Majelis Ulama Indonesia (MUI) dalam Ijtima Ulama 2006 di Ponpes Modern Gontor Ponorogo telah memfatwakan peneguhan bentuk dan eksistensi NKRI. Pertama; kesepakatan bangsa Indonesia membentuk NKRI sebagai ikhtiar memelihara keluhuran agama dan mengatur kesejahteraan kehidupan bersama, adalah mengikat seluruh elemen bangsa. Kedua; pendirian NKRI adalah upaya final bangsa Indonesia untuk mendirikan negara di wilayah ini.


Cenderung Membiarkan

Ketiga; wilayah NKRI dihuni oleh penduduk yang sebagian besar beragama Islam, maka umat Islam wajib memelihara keutuhan NKRI dan menjaga dari segala bentuk pengkhianatan terhadap kesepakatan dan upaya pemisahan diri (separatisme) oleh siapapun dengan alasan apapun.
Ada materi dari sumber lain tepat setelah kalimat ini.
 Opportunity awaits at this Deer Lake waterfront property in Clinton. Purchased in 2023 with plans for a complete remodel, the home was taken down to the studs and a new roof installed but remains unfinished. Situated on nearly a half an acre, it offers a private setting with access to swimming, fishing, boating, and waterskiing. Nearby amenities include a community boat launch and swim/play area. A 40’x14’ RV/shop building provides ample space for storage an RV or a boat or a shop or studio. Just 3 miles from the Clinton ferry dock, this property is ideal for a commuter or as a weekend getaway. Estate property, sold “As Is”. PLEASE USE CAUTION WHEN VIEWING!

Keempat; dalam rangka menghindarkan adanya pengkhianatan dan/atau pemisahan diri negara wajib melakukan upaya-upaya nyata untuk menciptakan rasa adil, aman, dan sejahtera secara merata serta penyadaran terhadap elemen-elemen yang cenderung melakukan tindakan pengkhianatan dan/atau separatisme.

Kelima; upaya pengkhianatan terhadap kesepakatan bangsa Indonesia dan pemisahan diri dari NKRI yang sah dalam pandangan Islam termasuk bughat, yang haram hukumnya dan wajib diperangi oleh negara. Keenam; tiap orang kelompok masyarakat, lembaga, organisasi yang melibatkan diri, baik secara terang-terangan maupun tersembunyi, dalam aktivitasnya yang mengarah pada tindakan pemisahan diri dari NKRI bisa dikategorikan bughat.

Setiap langkah, baik secara sembunyi-sembunyi maupun terang-terangan, yang ingin mendirikan negara baru, termasuk Negara Islam Indonesia (NII), adalah tindakan makar, bughat, dan subversif. Anehnya, mengapa pemerintah membiarkan NII yang jelas-jelas bughat dan makar? Aparat merasa tidak memiliki payung hukum, karena UU Subversi telah dicabut? Demi alasan keamanan, keutuhan, dan kesatuan NKRI, seharus pemerintah mengambil langkah dan tindakan tegas. Anehnya, secara kasat mata, petinggi negara ini, dengan terang-benderang, membiarkan sepak terjang gerakan NII.

Laporan dan testimoni para pengikut NII yang insyaf dan sadar, dan tidak mau lagi bergabung dengan NII, dapat dijadikan entry point untuk mengungkap jaringan dan gerakan NII, terutama di KW 9. Lebih lucu lagi, para petinggi negeri ini, secara terbuka justru membela mereka yang berada di balik gerakan NII? Secara demonstratif, mereka membuat statemen terbuka di media, dan bahkan berkunjung ke pesantren, yang menurut pengakuan mantan pengikut NII, adalah sentralnya gerakan NII.